Свежего мяса, свежих овощей, картофеля мы не получали. Чаще всего в меню входила соленая рыба. Кета вареная, кета соленая, горбуша казались нам изумительно вкусными. Старые лагерницы рыбу не брали, не ели — она им опротивела. Они, обычно, уступали ее нам. Мы поглощали все. В общем, мы сразу стали сыты, вернее, не голодали.
Поразило меня в жизни заключенных то, чего я никогда не встречала в пройденных мною раньше тюрьмах. В среде лагерниц, осужденных по политическим статьям, была развита торговля, как своими вещами, так и тюремным пайком. Когда-то арестанты-социалисты делились всем, ущемляя здоровых, поддерживая больных, осуществляли в тюрьме коммуну. Здесь было не так. Имевшие деньги покупали у неимущих все, что те могли продать. Продавались тюремные пайки сахара и хлеба, казенные вещи — чулки, простыни, платочки. Каждая лагерница жила сама по себе, жевала свою корочку хлеба с маслом или без масла, и не интересовалась, жует ли что-нибудь ее соседка. Удивительнее всего было для меня то, что уголовные — воровки и проститутки — были щедрее зэков политических.
С торговлей мы столкнулись сразу по прибытии в лагерь. Прибыв на место, каждая заключенная стремилась прежде всего послать весть родным. Нам было разрешено послать письма и даже телеграммы. Те, у кого были деньги, слали, те, у кого денег не было, продавали, что могли, чтобы получить денег на марку. У нас пятерых не было ни денег, ни вещей. Продавать пайку хлеба своим же товаркам-заключенным было противно… Но… «с волками жить — по волчьи выть». От всех моих вещей у меня остались шерстяной вязаный шарфик и шерстяные перчатки. Галя взялась их продать, и мы смогли послать письма родным. Написала я письмо и Тасиной маме в Ленинград. Я быстро получила от нее ответ. О Тасе никаких вестей мать не имела. Каким милым было ее письмо. Попова предлагала мне помощь, спрашивала, можно ли послать посылку. Я не ответила ей, не хотела компрометировать ее перепиской со мной. Первое время в нашем бараке было больше продающих, чем покупающих. Женщины из Суздальской и Казанской тюрем сохранили свои личные вещи, они продавали их.

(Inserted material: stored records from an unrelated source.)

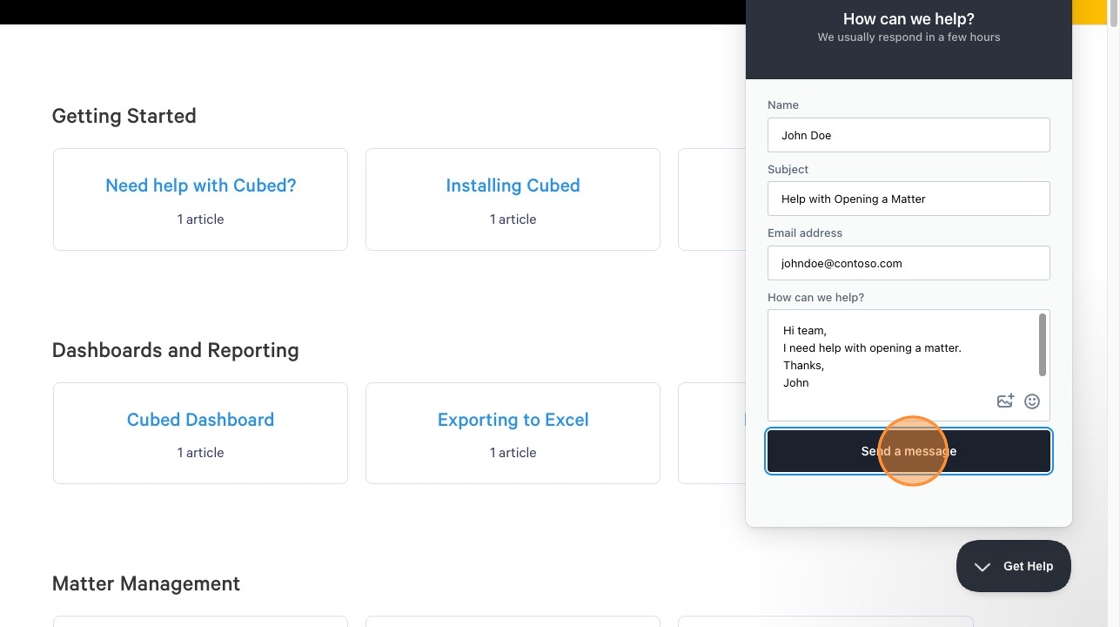 6. Enter in the details of your question, ensuring you have the correct contact details completed, and click "Send a message"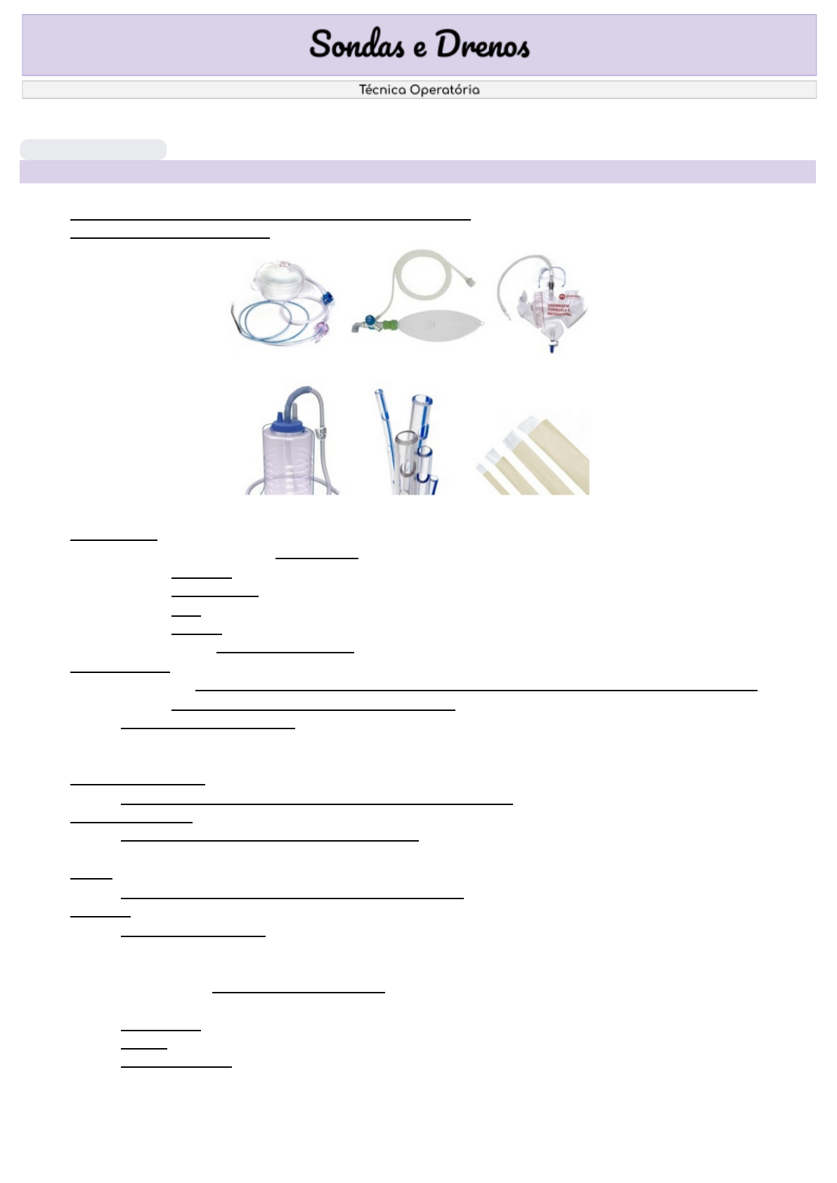 Medicina - 6º Semestre - Ana Paula Cuchera e Eduarda Costa Profª Luis 31 de out. de 2023 Drenos - Definição: ● Tubos manufaturados para drenar fluidos corporais ● Látex, polietileno, silicone - Indicações: ● Profiláticas ○ Remover de forma preventiva: ■ Sangue ■ Serosidade ■ Bile ■ Líquor ○ Estabelecer fístula controlada ● Terapêuticas ○ Remover secreções de cavidades naturais ou resultante de processos patológicos ■ Pus, sangue, exsudato, linfocele, bile ○ Ar da cavidade pleural - Classificação: ● Sistema fechado ○ Conteúdo não é exposto ao ambiente atmosférico ● Sistema aberto ○ Comunica-se com o meio atmosférico ● Ativo ○ Conteúdo direcionado por pressão negativa (aspiração contínua) ● Passivo ○ Canaliza os fluídos - Sistema de drenagem ativa fechada (vácuo): ● Drenos: ○ Porto-Vac ○ Blake ○ Jackson Pratt ● Dreno torácico ● Terapia de feridas complexas por pressão negativa 1 - Sistema passivo fechado: ● Drenos: ○ Pigtail ○ Kehr ○ Waterman ○ Mallecot e Pezzer ● Dreno torácico Sistemas de drenagem fechada - Sistema de drenagem ativa fechada (vácuo) 1. Porto-Vac ○ Polietileno ○ O dreno de sucção (Portovac) é utilizado para drenagem de líquido seroso ou sanguinolento, de locais de dissecção ou da área de anastomoses intraperitoneais ○ Objetivos: ■ Garantir a manipulação correta do dispositivo a fim de prevenir a ocorrência de infecções relacionadas ao procedimento 2. Jackson-Pratt ○ Flexível, silicone ○ Extremidade achatada commúltiplas perfurações (túbulo laminar) ○ Cavidade abdominal ○ O dreno Jackson Pratt é um dispositivo siliconado, em formato de pera, que funciona com pressão negativa ○ Ele realizar uma drenagem no local da cirurgia para retirar fluidos e evitar a formação de coágulos e abcessos 3. Blake ○ Silicone, flexível ○ Túbulo laminar, cilíndrico, vazado ○ Cirurgia plástica ○ O Dreno de Blake Medicone é indicado para drenagem corporal no período pós-operatório onde fluidos tendem a se acumular e aumentar o risco de infecção 2 - Sistema de drenagem passiva fechada 1. “Pigtail” – inserção percutânea ○ Radiologia intervencionista, pneumotórax ○ Limitação: conteúdo espesso, cavidades septadas ○ Reservatório ○ O pigtail é um tubo fino, com um orifício final e outros orifícios paralelos ○ Sua aplicabilidade clínica principal é a drenagem de tórax 2. Dreno de Kehr ou em “T” ○ Vias biliares, ducto biliar comum ○ Fístula biliar controlada ○ Após retirada a fístula se fecha espontaneamente ○ O dreno de Kehr é um ducto colocado dentro da via biliar e exteriorizado através de um orifício na pele. ○ É usado em cirurgias onde a via biliar é abordada, normalmente após abertura da mesma para exploração, sendo a coledocolitíase (presença de cálculos dentro do ducto colédoco) sua principal indicação. ○ Sua função é orientar a drenagem de bile enquanto ocorre a diminuição do inchaço da via biliar, o que dificulta a passagem da mesma em direção ao duodeno, evitando assim, obstrução à saída da mesma. 3. Dreno de tórax ○ Rígidos, calibrosos, PVC ou silicone ○ Sistema de drenagem sob selo d’água ○ Os drenos são dispositivos que estão acoplados a um reservatório e, normalmente, são inseridos após o paciente realizar uma cirurgia. ○ Esses tubos têm a função principal de remover líquidos e ar da região onde são inseridos. 3 OBS! Selo de água → quando respira evita que o ar volte (respira e não aspira) - Drenagem fechada acoplada a sistema de sucção - vácuo = drenagem fechada ativa ● Dreno de tórax /mediastino / pericárdio 4 Sistema de drenagem aberta 1- Penrose: ● Látex ● Laminar ● Capilaridade ● Condução direta do efluente ● Curativo com gazes ● Volume de drenagem estimado pelo peso das gazes ● Drenagem de leitos cirúrgicos ● Drenagens de abscessos e coleções purulentas OBS! Penrose → faz também drenagem profilática - se tiver hematoma ele drena para fazer descompressão 2- Dreno de Waterman ● Túbulo laminar ● “Vigiar” anastomoses gastrointestinais (fístulas) ● Capilaridade ● Látex ou silicone ● É utilizado para retirar a secreção produzida após a cirurgia OBS!Waterman → usado para fazer vigília de formação fístula 3- Dreno ondulado/corrugado ● Placa de látex ou silicone ● Sistemas de “canaletas” Drenos - Fixação ● Sutura com fio inabsorvível – nylon 5 ● Alfinete de segurança ● Exteriorização por contra-abertura - Complicações ● Inflamação ● Infecção ● Fragmentação na retirada ● Erosão de estruturas contíguas ● Deslocamento/saída inadvertida ● Sangramento OBS! Imagem → o dreno se moveu, saiu e com isso, está com um dos buraquinhos para fora (pessoa se movimentou e saiu do lugar) - A solução para isso é refazer - Critérios para retirada ● Redução do volume drenado ● Aspecto do líquido ● Mobilização progressiva até a saída completa (passivos) OBS! Penrose → vai tirando aos poucos Sistema de drenagem de feridas cirúrgicas complexas - Vácuo 6 OBS! Drenos vácuo, diminui o tempo de fechamento das feridas Sondas 1- Nasogástrica (Levine) ● Drenagem do conteúdo gástrico OBS!Medir a sonda do nariz até a orelha e depois ao processo xifóide - Saber se está no estômago, pega uma seringa e colocar ar → se fizer barulho está certo 2- Sonda nasoenteral (DOBBHOFF) ● Sonda de alimentação de poliuretano com peso no ponta, original projetado para a alimentação nasogástrica e nasoduodenal ● A ponta grande e em bolus facilita a passagem e ajuda a manter o posicionamento OBS! Somente para alimentação, tem parte metálica e essa chega até o duodeno (pede raio X depois) - Só pode dar dieta depois do raio X 7 3- Sonda de gastrostomia: ● As sondas de gastrostomia são inseridas no estômago pelo abdome para alimentaç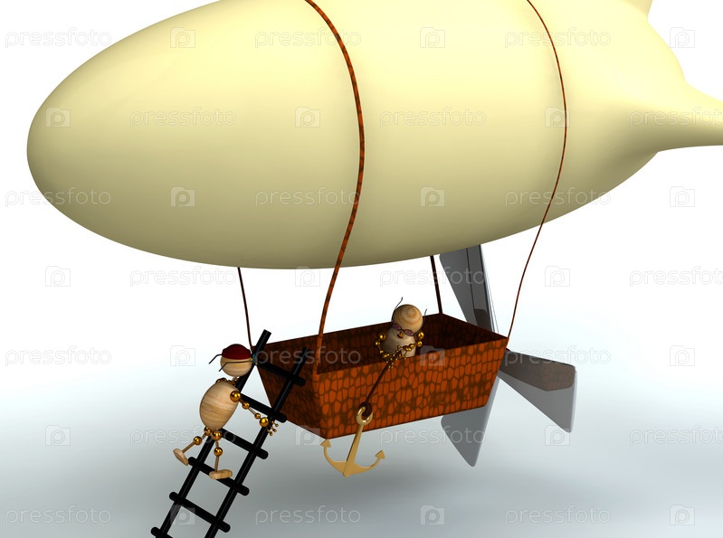 Дирижабль и стилизованные человечки-пилоты на белом фоне

Я недоумевала: как могли лагерницы продавать свой паек, обходиться без него?
Среди бытовой и уголовной статьи проституция была очень распространена, но и среди 58 статьи процент нашедших себе покровителя и друга был достаточно велик.
Раньше на Колыму завозили только мужчин, потом появились и женщины. Но процент женщин был ничтожно мал. Женщина ценилась высоко. За обладание женщиной мужчины были готовы на любые преступления, нарушения. Женщин похищали, женщин насиловали и изувеченных бросали на трассе. Были случаи, когда женщин отбивали от конвоя и уводили на прииски, и там бросали толпе мужчин, становившихся в очередь. Почему-то такое массовое насилование женщины получило название «трамвай».

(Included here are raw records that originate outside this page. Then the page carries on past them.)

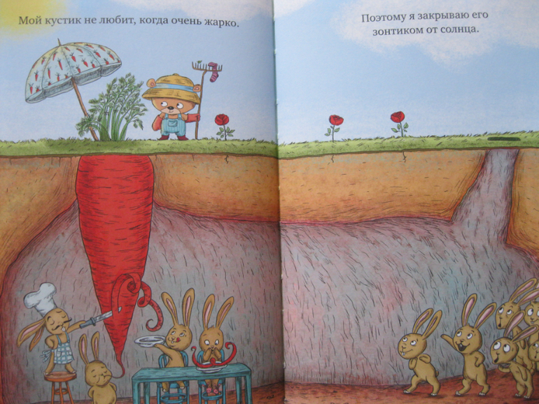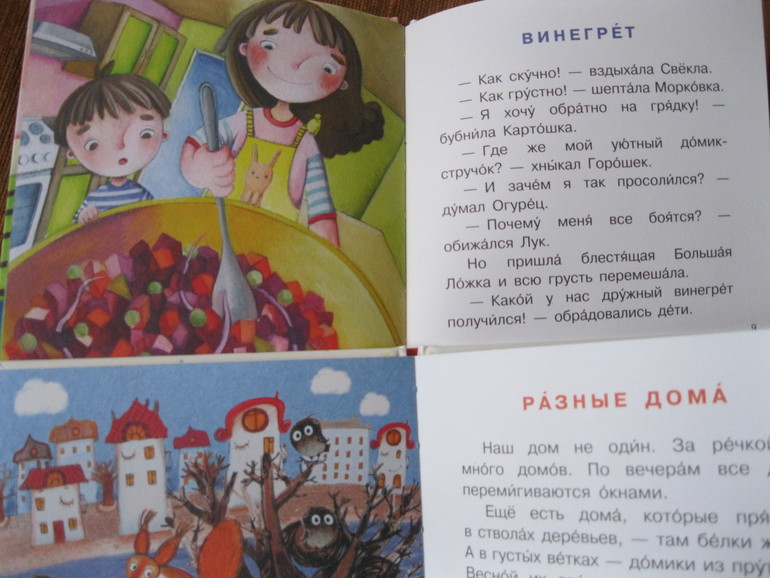 1-2 строчки текста над картинкой - это нам подходит. И даже отсутствие ударения не испугало читателя (хотя с ударениями как-то попроще Косте, вот деление на слоги в его случае совсем не обязательно). И сама история нам очень понравилась. И Костя даже надеется, что морковка - немножко роза))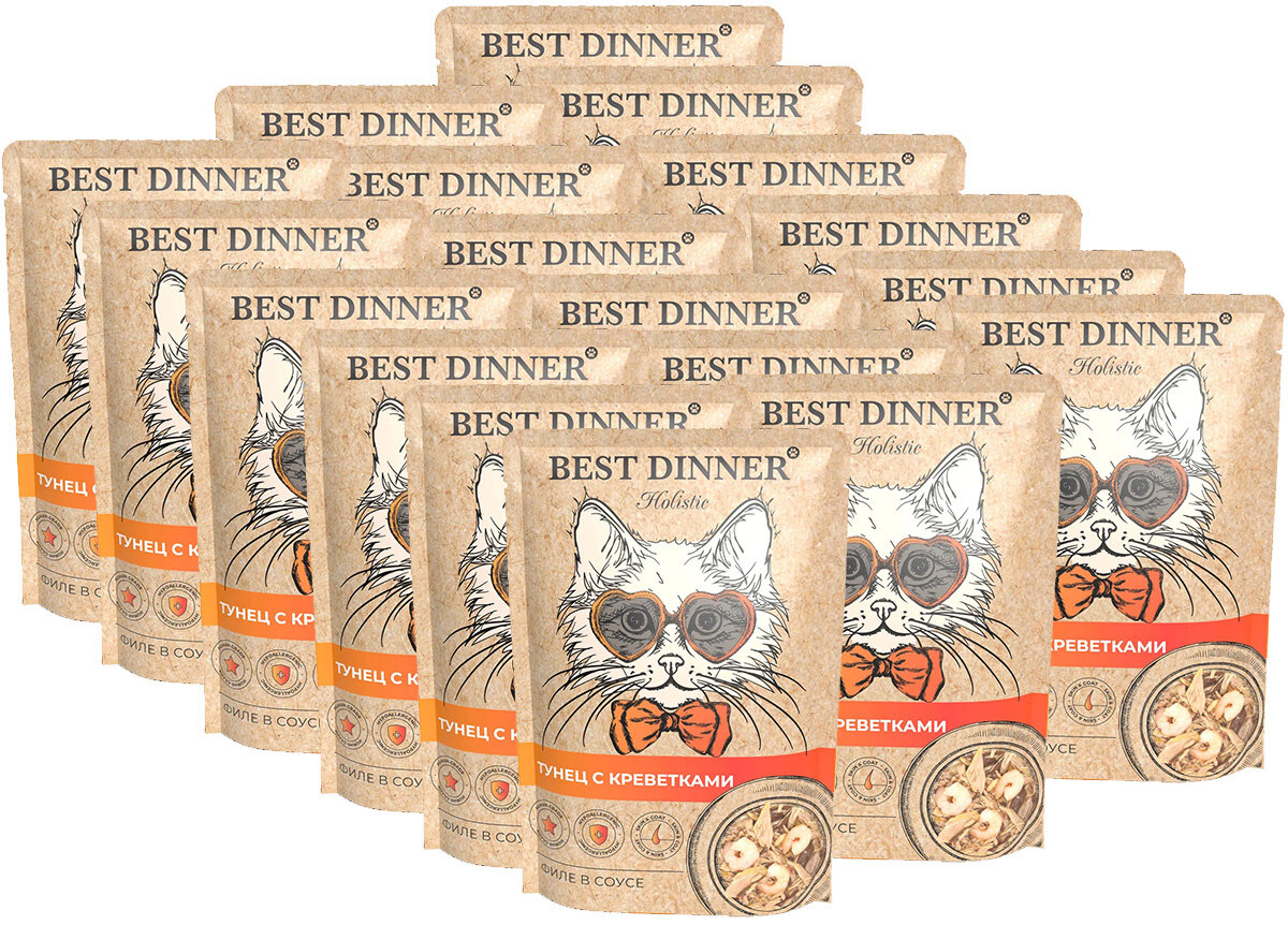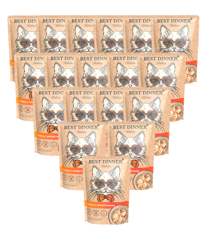 Купить Best Dinner Holistic влажный корм для взрослых кошек с тунцом и креветками в соусе в паучах - 70 г х 18 шт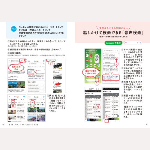 1万5000人のシニア世代にスマホを教えてきたプロが伝授! カメラ機能をメモやルーペ代わりに、録音機能を備忘録にといった使い道や、LINE、スマホ決済の方法など、知っておきたいスマホの便利な使い方を紹介。iPhone/Android対応。  ※本書の情報は2024年4月時点のものです。

Была среди нашего этапа совсем еще молоденькая немочка с Поволжья. Белокурая, голубоглазая, тоненькая, как былиночка. Обвинили ее в шпионаже, статья ПШ, срок не то восемь, не то десять лет. Мы с Лизой стояли в столовой. Полными ужаса глазами указала она мне на такую же юную девушку. Обе они молоды, но как не похожи друг на друга: у той, у другой, какой-то вызывающий, дерзкий, даже нахальный вид, а Лизочка — сама робость и скромность. «Трамвай», — шепчет Лиза.

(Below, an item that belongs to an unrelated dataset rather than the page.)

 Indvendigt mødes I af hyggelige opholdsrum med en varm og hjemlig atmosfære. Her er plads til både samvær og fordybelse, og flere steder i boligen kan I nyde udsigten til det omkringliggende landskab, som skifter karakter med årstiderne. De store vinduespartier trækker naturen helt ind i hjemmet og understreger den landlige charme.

Месяцем позже я познакомилась с Аней близко. Я работала с ней в одной бригаде. В 1938 году с обвинением по 58 статье она была привезена на Колыму. Уголовные проиграли девушку в карты. Проигравший должен был поймать ее и сдать товарищам. Аню заманили во время работы в укромный уголок, и тут же двенадцать человек во время работы «использовали» ее. Когда вечером стали собирать бригаду лагерниц, чтобы увезти в зону, Ани не оказалось. Ее стали искать и нашли растерзанную, полуживую. В лагерной больнице, к общему удивлению, она оправилась. Несколько раз она пыталась покончить с собой. Ее каждый раз спасали. Историю Ани знали все. Говорили, что она стала совершенно неузнаваемой. Я ее узнала уже спокойной, холодной, ко всему враждебной, презирающей и мужчин и женщин. Одевалась она вульгарно и крикливо, подкрашивала глаза, брови, губы. В лагерную столовую она заходила редко. Свою хлебную пайку отдавала безвозмездно кому-либо из товарок, широко делилась всякими лакомствами. Имела она одного друга или многих, я не знаю. К моменту нашего прибытия на Колыму женщин стало значительно больше. Жить стало легче, но все же…
Наш барак повели как-то вечером в баню. Вели нас строем в сопровождении конвоя. Как обычно, женщины строя не выдерживали: одни спешили захватить шайки, места у крана, другие отставали. Случаев побега не было, надзор не докучал растянувшимся, разбредшимся женщинам. Только возле бани и зоны он равнял ряды, поштучно сдавал конвоируемых.
Отстав от основной массы зэков, Надя, Зина и я брели к лагерю по какому-то закоулочку. Было сумрачно, близилась ночь. Внезапно из-за угла вынырнула машина. Нам показалось, что машина идет прямо на нас. Мы шарахнулись в сторону. Тут же раздался отчаянный крик Зины, и руки ее вцепились в мое плечо. Я и Надя закричали так же отчаянно, еще не понимая в чем дело. Из открытой кабины чьи-то руки волокли Зину в машину. То ли наш дикий крик, то ли то, что мы вцепились друг в друга, заставило шофера, пустив самую площадную брань, захлопнуть дверь и укатить. Произошло это совсем недалеко от зоны. (Зина была лектором по истории искусств в Киевском университете, к физической работе она приспособиться не сумела. Все годы жила она в лагере очень тяжело, но бодрости духа не теряла.)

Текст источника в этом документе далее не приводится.